Thursday, November 5, 2009

SELLING BUNK: THE VUCSA BURN

Under the Uniform Controlled Substances Act, delivery of a controlled substance means merely the transferring of an illegal drug from one person to another, regardless of whether money or anything else of value was exchanged for the drugs. Delivery of a controlled substance covers illegal drug sales and it also includes drug transfers that don't amount to sales or transactions where there is not sufficient evidence to prove that money changed hands.

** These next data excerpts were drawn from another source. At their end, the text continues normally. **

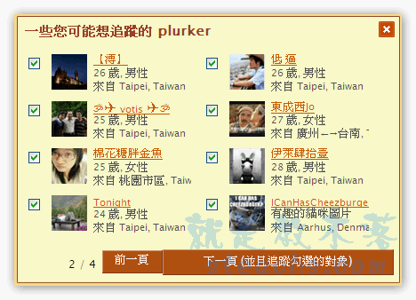 噗浪客(Plurker)問你是否要追蹤他們的發言,
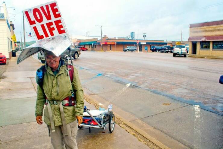"When Steve Fugate Lost His Two Children, He Hiked Across The United States For Over 12 Years With A Sign That Said "Love Life" To Remind People That They Can Always Overcome Life's Hardships, With The Right Mindset And To Never Give Up"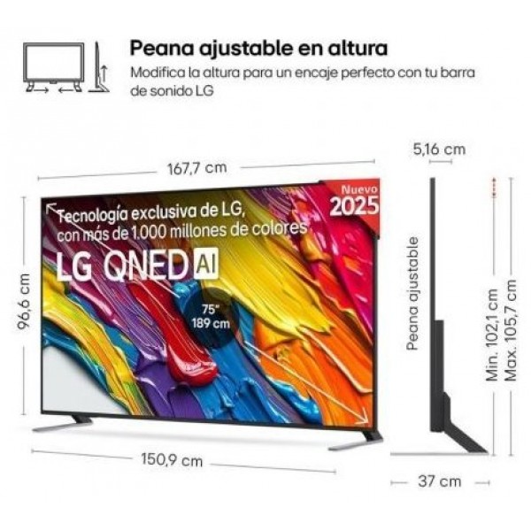 - Más de 1.000 millones de colores, ahora más intensos que nunca con LG QNED, la tecnología exclusiva de LG. Mayor contraste y brillo en la imagen, gracias al análisis inteligente de Dynamic Tone Mapping en 2.040 zonas independientes.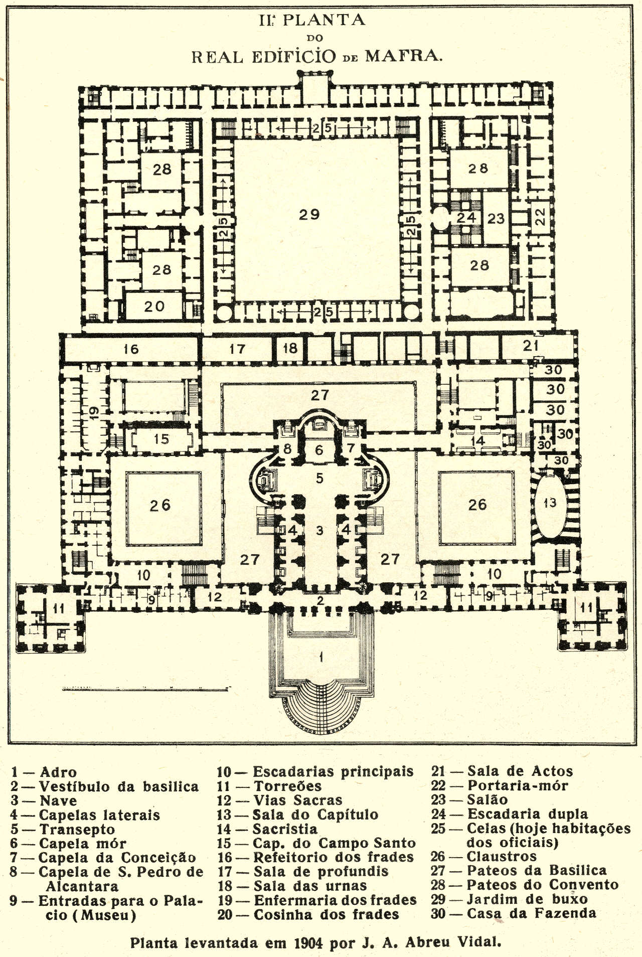 Planta do Real Edifício de Mafra, levantada por J. A. Abreu Vidal em
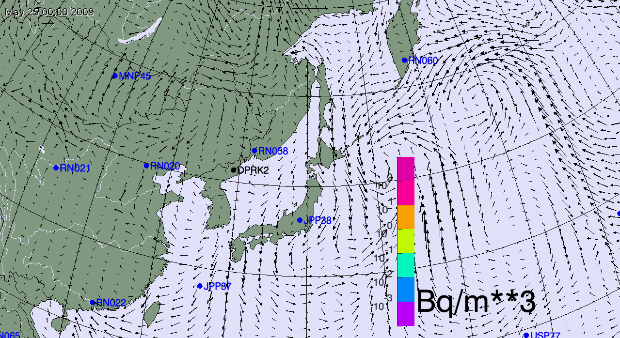 По прогнозам специалистов организации по ДВЗЯИ, занимающейся мониторингом ядерных испытаний, первые следы радиоактивного загрязнения от недавнего ядерного взрыва в Северной Корее могут быть обнаружены в период с 1 по 3 июня 2009 года.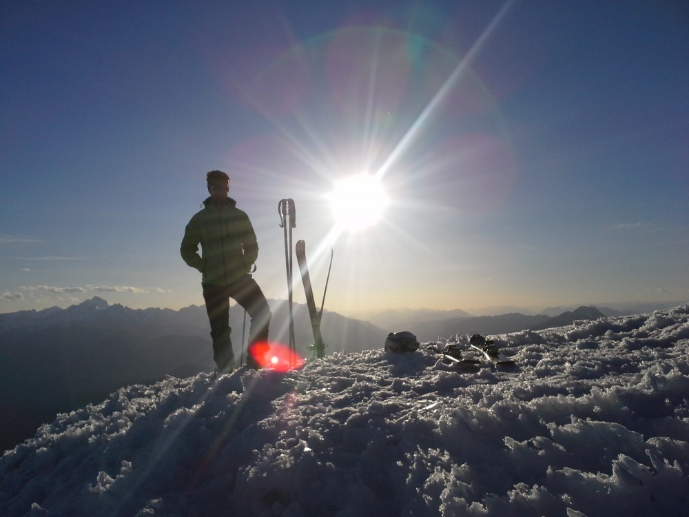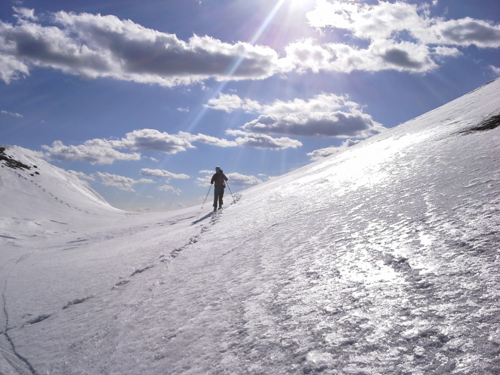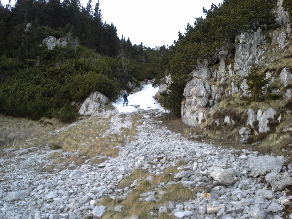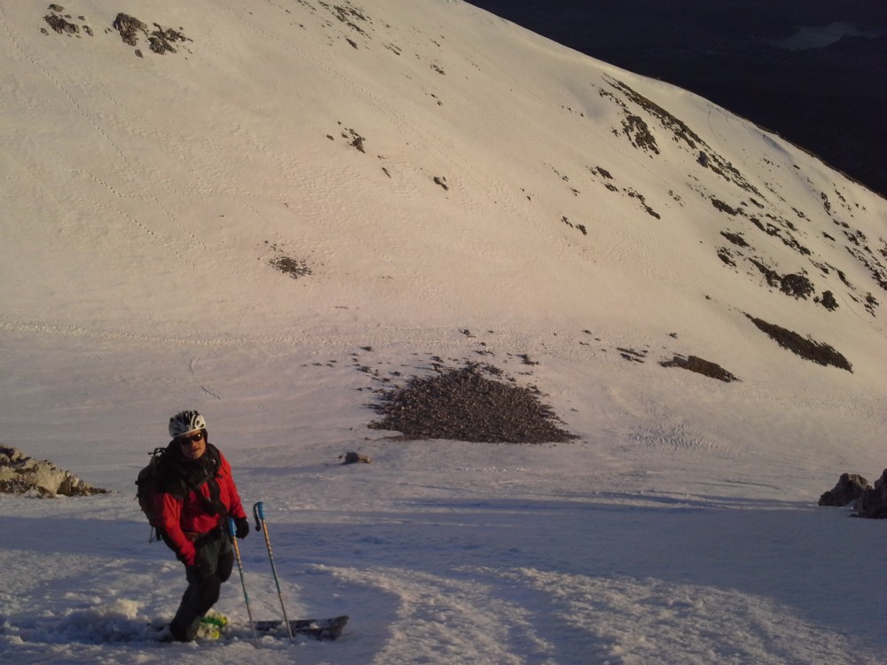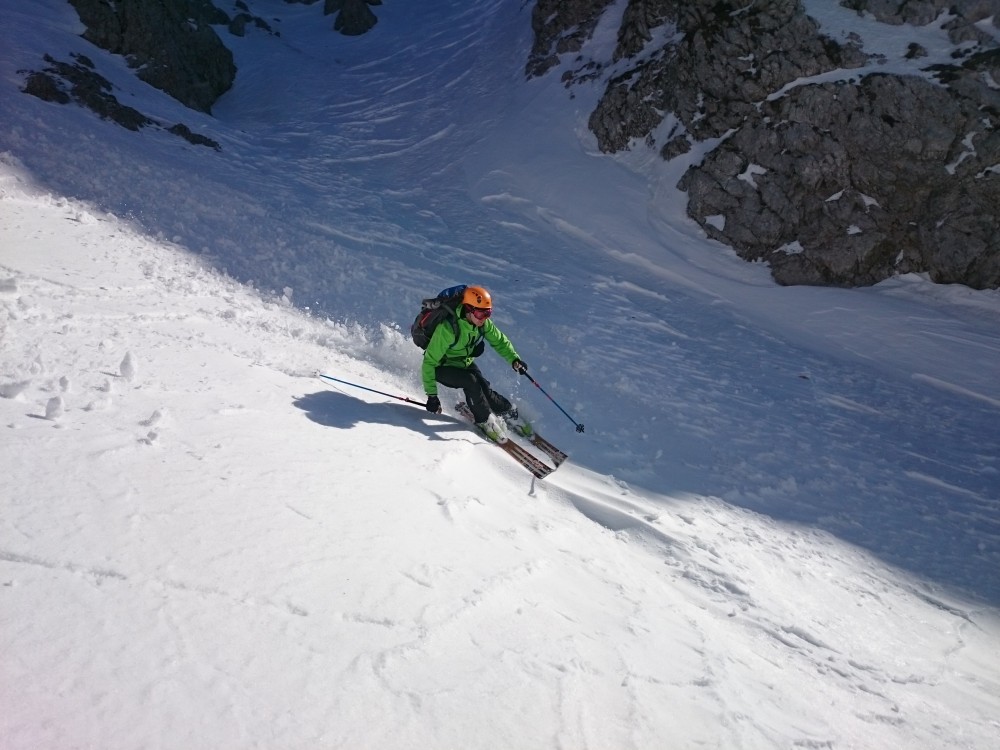 Včeraj pa smo se odločili za, po-službeni popoldanski Stol, saj so dnevi dolgi, sneg pa dovolj predelan. Ob 15h smo štartali pri Valvazorju in jo mahnili skoraj na vrh. Do višine približno 1800m smo smuči in pancarje nosili, nato smo se preobuli. Na sedelcu smo se spustili proti dolini Orlice, kjer je bila res dobra smučarija. Ko se je malo položilo,smo prečili proti Janeževem žlebu. Malo vzpona in bili smo na Stolovi škrbini, kjer smo se spustili v žleb,na Avstrijsko stran, kjer je bil sneg, prav tako dober za smučanje. Ker nas je čas preganjal, smo ga presmučali le približno 300 višinskih metrov. Spet smuči na ramo in nazaj ,tokrat na vrh Stola. Na vrhu smo opazovali neverjetno večerno svetlobo in razgled, ki je segal vse naokrog. Navadno dopoldan ni takih razgledov predvsem v dolino, saj je megla ali so meglice. Tokrat je res bilo vse čisto. Odsmučali smo po grapi proti Prižnici, kjer smo tudi zaključili s smučanjem. Smuka je bila odlična! Tu smo se preobuli in odpeketali proti avtu. Strinjali smo se, da je bila super tura, ki nam je ponudila skoraj 1000 višinskih metrov smučanja in približno 1400 višinskih metrov skupno. Do avta smo prišli, ravno tako, da še nismo rabili svetilk.

In addition to prohibitions on drug transactions that are not technically sales, there is also a prohibition on transactions involving substances that are not controlled substances and are not illegal. The Washington statute outlawing the sale of what is commonly called "bunk" is RCW 69.50.4012. Under this statute, you are guilty of delivering an uncontrolled substance in lieu of a controlled substance after you have previously negotiated or arranged to sell or otherwise transfer an actual controlled substance. This is where the drug buyer gets ripped off by the drug dealer and is known in Washington courts as a "VUCSA burn." A VUCSA burn is a class C felony in Washington.

We also have a statute making it illegal to manufacture, deliver, or possess a counterfeit controlled substance. What I have not found is a specific provision under the Uniform Controlled Substances Act that would make it illegal to deliver an empty container with no substance in it whatsoever to someone who had previously arranged with the seller to buy a controlled substance.

In State v. Anderson and in State v. Eddie, the Washington State Court of Appeals has said that the prosecutor must prove beyond a reasonable doubt that the substance that was actually delivered was not a controlled substance, but the prosecutor does not need to prove the exact identity of the uncontrolled substance. The court did not address the situation that I described above where a person delivers an empty container that contains no substance, controlled or uncontrolled.

Tuesday, October 20, 2009

PENALTIES FOR POSSESSION OF MARIJUANA (LESS THAN 40 GRAMS) IN WASHINGTON STATE

In the last several months, when I have mentioned the charge of marijuana possession, many people have responded with something like, "is that even illegal in Seattle anymore?" While it may not be the highest priority for the Seattle Police Department, the answer is yes, possession of marijuana is still illegal in Seattle and you can still go to jail for it. And just because the law regarding marijuana possession may not be vigorously enforced in the city of Seattle, it is still enforced in other parts of King County and Washington State; not too long ago someone contacted me about a possession of marijuana charge in Bellevue.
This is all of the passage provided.